Chapter 781 - 781 Delving Through Regrets, Part 1
Aloud, echoing in the vastness, the stillness of the room, it didn’t sound as big of a deal as I thought it’d be.
Time to find out, that hopefully, she thinks much of the same of it.
This definitely would have been so much easier to deal with if I knew just how she was feeling. If she’s uneasy, then I can be uneasy. If she didn’t mind, then I’d instantly know I didn’t have to either.
But she felt nothing, showed nothing, and in turn… neither could I.
And what could be worse than absolutely nothing? That’s right—nothing.
“You…” Adalia began, speaking up after what felt like an entire ice age. “...are… curious about… me…?”
“Burning,” I affirmed, feeling more at ease hearing her calm. “I know you asked me to forget about it, and if you insist, I will, but, well, y’know…”
.....
Was hoping she’d fill in the blanks for me there, follow up the words that I couldn’t find, but she continued to just sit and stare and wait… apparently she didn’t know what I was getting at either.
“It’s like back then, back with Ash, y’know? Like her, I love you. But just like her, I know so very little about you. And the bits and pieces I do get… well, it just makes me wanna know even more.”
“Bits… and… pieces…” there she goes again, picking her own bits and pieces from what was said. “...what has… sister told you…?”
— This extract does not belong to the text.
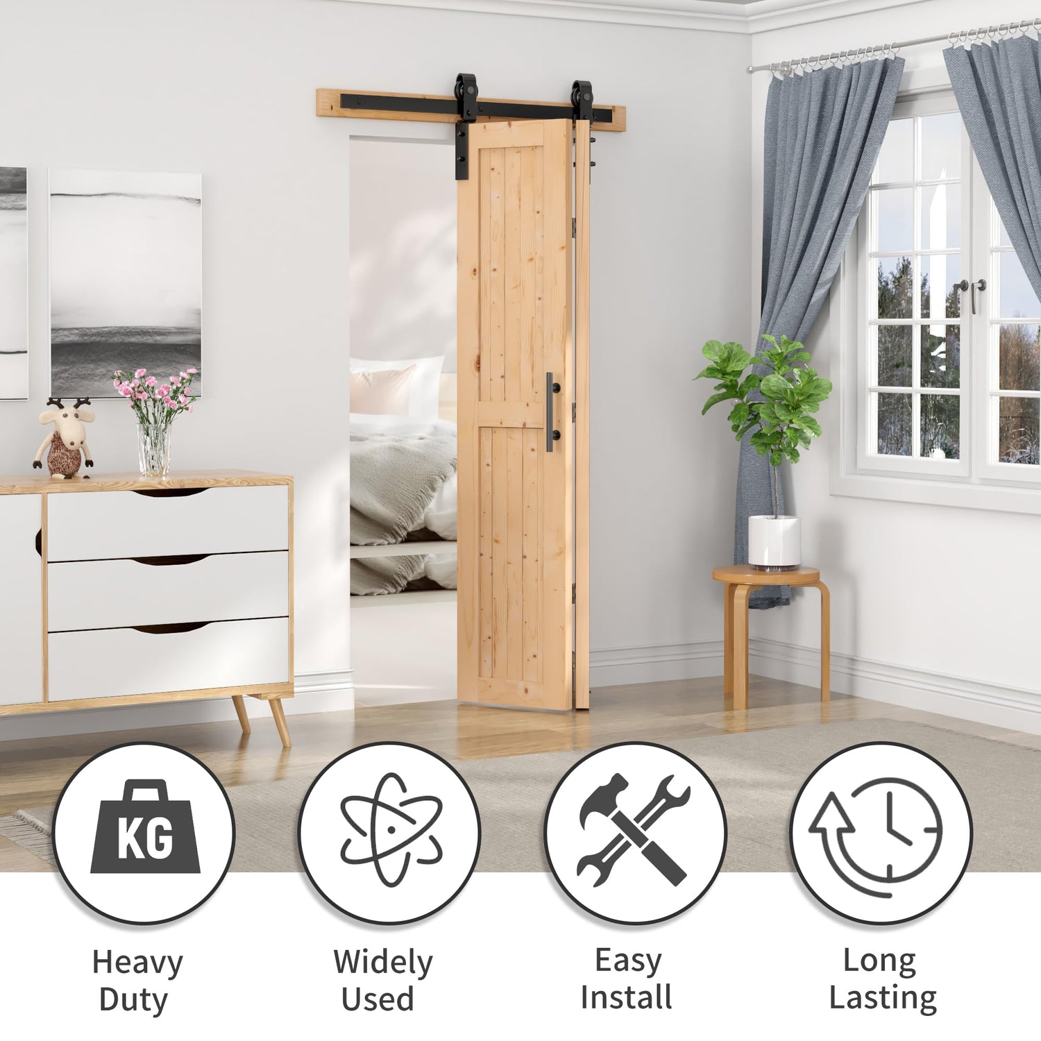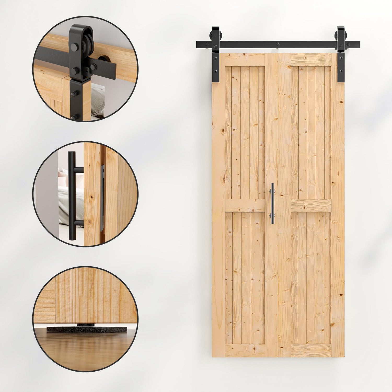 - [Spruce Wood] The barn door panels are crafted from high-quality spruce wood that features straight and even grain with original beauty. Through multiple processing, the doors are not easy to deform and crack, and have good corrosion resistance

She’s too good at that, I swear.
“Nothing that she rather you tell me yourself—her own words,” I replied. “She thinks I don’t have the right to claim that I love you if I continue to keep turning a blind eye to you.”
“She… is… wrong…”
I felt a smile tug hard at the edges of my lips. So firm on that stance, and so passionate at that… fiery too. Like a small little lion cub roaring her displeasure.
“Yet for some reason I can’t help but agree with her a little. I don’t know you as well as I should. You had a whole life before me, and right now I’m just a small part of it.”
“What has… sister told… you…?” She asked again.
“That you were cruel,” I blurted out bluntly. “Crueler than she was. That you used to think way less of others, and that…” I paused here, deciding whether to continue or to stop, only for a lump in my throat to force the rest of the words out. “...and that I wasn’t the first person, human… to have fallen in love with you.”
Honestly, I had still been on the fence about whether anything Amelia had claimed before could even be taken with a grain of salt. Maybe she just loved her hyperbole, her impractical jokes, I wouldn’t put it past her to be that mean and petty.
But there was nothing again this time. That passion, that firmness of hers just then, evaporating away leaving and lingering the usual nothing in its place.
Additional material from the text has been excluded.